Индивидуализм всегда был полновесным мировоззрением, на языке которого шло последовательное истолкование каждой области исследований. В его природу, а также и в его значение всего легче проникнуть путем анализа разрушенного им мировоззрения – а именно того, которое имело целью описать и которое бесспорно защищало средневековую форму социальной организации. Феодализм был вертикальной, иерархической системой, основанной на землевладении. У подножия этой социальной колонны стоял крепостной, привязанный к обрабатываемой им земле и обязанный преданностью господину, владельцу земли. Господин, в свою очередь, был обязан преданностью королю, король – императору Священной Римской империи (по крайней мере, в глазах папы). Папа вел свой суверенитет от св. Петра, который не мог лично предстать для отстаивания своих прав. Св. Петр получил их от почти что высшей власти – от второго Лица Троицы, – а второе Лицо Троицы имело их от всевышней власти. Таким образом, непрерывная ниточка тянулась от крепостного на поле до существа, которое епископ Батлер назвал «Господином и Собственником вселенной». Общество строилось тут по спокойному, величественному принципу субординации.

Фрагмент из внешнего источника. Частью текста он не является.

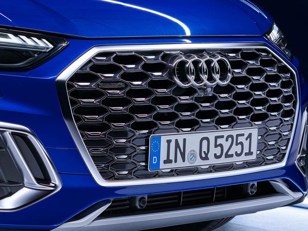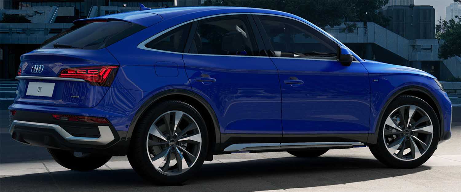 These features are also present within the all-new Audi Q5 Sportback, which boasts a confident design attributed to the sporty coupé-like roof line and wide, flat sloping rear. An aerodynamic appearance is achieved with the diffuser’s horizontal trim, the long chrome strip that stretches across the entire vehicle. A roof edge spoiler and S line equipment line accents are available add-ons, giving the model a sportier look.

Надеялись, что при наличии субординации подчинение без труда последует само собой.
Факт иерархичности, преобразившийся тем самым в принцип, подкреплялся продуманным применением социологии апостола Павла. «Мы все – члены друг друга», – сказал великий миссионер. Человеческое общество напоминает человеческий организм: каждому органу предписана особая функция. Легкие не могут исполнять дело сердца, сердце – дело головы. В средневековой манере эта аналогия была развернута до деталей. Была некоторая загвоздка, считать ли головой папу или императора, поскольку, как разумно замечали законники, у тела по-настоящему не может быть две головы. Однако судопроизводству было отведено (и, по-моему, удачно) место печени, а простой народ отождествлялся с пальцами ног. Когда население начинало бунтовать, говорили, что у политического тела подагра[51].
К несчастью для этих идиллий, средневековое общество нуждалось в товарах потребления и потому нуждалось в классе призванных производить эти товары людей – классе, который не замедлил открыть, что, как правило, чем больше ты делаешь и продаешь товаров, тем больше приобретаешь богатств. Сверх того, феодальные властители страдали от жгучей нужды в деньгах: землевладельцы – известные кредиторы. Возникли заимодавцы как часть торгового класса, и их практика, пускай обличаемая церковью (еще одним землевладельцем) как ростовщическая, росла и процветала на нуждах самих же правителей.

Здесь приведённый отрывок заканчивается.